Here is what I have got so far:这是我到目前为止所得到的:
# Extended script for full archive search with Twitter academic API
# based on a sample provided by Twitter
# for documentation, see https://developer.twitter.com/en/products/twitter-api/academic-research
import requests
import os
import json
# STEP 1: add bearer token for your academic Twitter API dev account
bearer_token = "MYTOKEN"
# STEP 2: define which API endpoint to query: "all" or "recent"
search_url = "https://api.twitter.com/2/tweets/search/all"
# Optional params:
# start_time,end_time,since_id,until_id,max_results,next_token,
# expansions,tweet.fields,media.fields,poll.fields,place.fields,user.fields
# STEP 3: define query parameters
query_params = {'query': '#WEURO2022',
'tweet.fields': 'author_id,conversation_id,created_at',
'expansions': 'geo.place_id',
'place.fields': 'contained_within,country,country_code,full_name,geo,id,name,place_type',
'user.fields': 'created_at,description,entities,id,location,name',
'start_time': '2022-02-15T00:00:01.000Z',
'end_time': '2022-09-16T23:59:59.000Z',
'max_results':'500'}
def bearer_oauth(r):
"""
Method required by bearer token authentication.
"""
r.headers["Authorization"] = f"Bearer {bearer_token}"

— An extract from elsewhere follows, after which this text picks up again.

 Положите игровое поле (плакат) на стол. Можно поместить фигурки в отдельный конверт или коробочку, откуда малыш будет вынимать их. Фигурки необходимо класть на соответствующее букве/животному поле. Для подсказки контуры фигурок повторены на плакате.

r.headers["User-Agent"] = "v2RecentSearchPython"
return r
def connect_to_endpoint(url, params):
response = requests.get(url, auth=bearer_oauth, params=params)
if response.status_code == 200:
print("Ready to go!")
if response.status_code != 200:
raise Exception(response.status_code, response.text)
json_data=response.json()
# return json_data
# write data to JSON file
with open('C:\\Users\\####\\Downloads\\MyTweets.json', 'a') as json_f:
json.dump(json_data, json_f)
print("JSON data written to file!")
def main():
json_response = connect_to_endpoint(search_url, query_params)

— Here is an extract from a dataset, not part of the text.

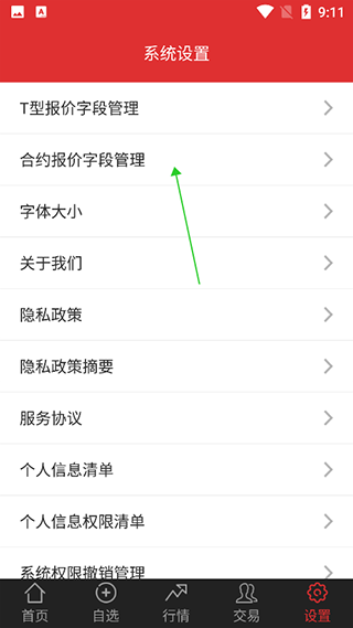 入口:设置->合约报价字段管理

while json_response["meta"]["next_token"]:
query_params["next_token"] = json_response["meta"]["next_token"]
if __name__ == "__main__":
main()
Can you help me fix this, or point me to a tutorial for less experienced users?你能帮我解决这个问题,或者给我指点一个针对经验不足的用户的教程吗?
I have found a way to fix my pagination issue, but I dare say that it is a most un-elegant solution:我找到了解决分页问题的方法,但我敢说这是一个最不优雅的解决方案:
# Extended script for full archive search with Twitter academic API
# based on a sample provided by Twitter
# for documentation, see https://developer.twitter.com/en/products/twitter-api/academic-research
import requests
import os
import json
import urllib
# STEP 1: add bearer token for your academic Twitter API dev account
bearer_token = "MYTOKEN"
# STEP 2: define which API endpoint to query: "all" or "recent"

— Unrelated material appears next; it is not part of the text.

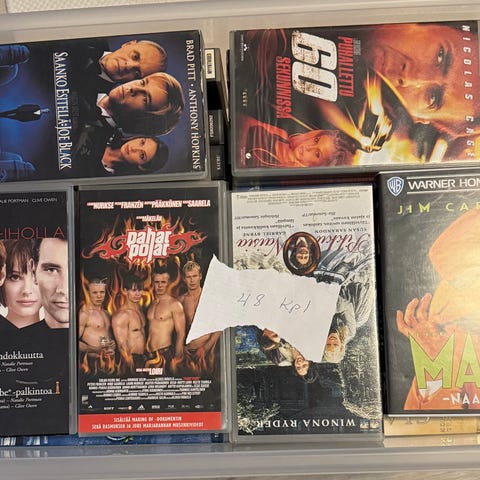 Myydään VHS-elokuvia 45 kappaletta. Suomalaisia ja ulkomaisia. Vain nouto. Lisää tietoa numerosta 0400-407336.

search_url = "https://api.twitter.com/2/tweets/search/all"
token_url= "https://api.twitter.com/2/tweets/search/all?next_token="
# Optional params:
# start_time,end_time,since_id,until_id,max_results,next_token,
# expansions,tweet.fields,media.fields,poll.fields,place.fields,user.fields
# STEP 3: define query parameters and number of pages to be retrieved
# query example: (from:twitterdev -is:retweet) OR #twitterdev
query_params = {'query': '((from:Eurovision) OR #esc OR #esc2018) (#ISR OR #NettaBarzilai OR @NettaBarzilai) lang:en',
'tweet.fields': 'author_id,conversation_id,created_at',
'expansions': 'geo.place_id',
'place.fields': 'contained_within,country,country_code,full_name,geo,id,name,place_type',
'user.fields': 'created_at,description,entities,id,location,name',
'start_time': '2018-02-15T00:00:01.000Z',
'end_time': '2018-07-16T23:59:59.000Z',
'max_results':'500'}
pages = 20
token_list=[]
# STEP 4: authenticate
def bearer_oauth(r):
"""
Method required by bearer token authentication.
"""
r.headers["Authorization"] = f"Bearer {bearer_token}"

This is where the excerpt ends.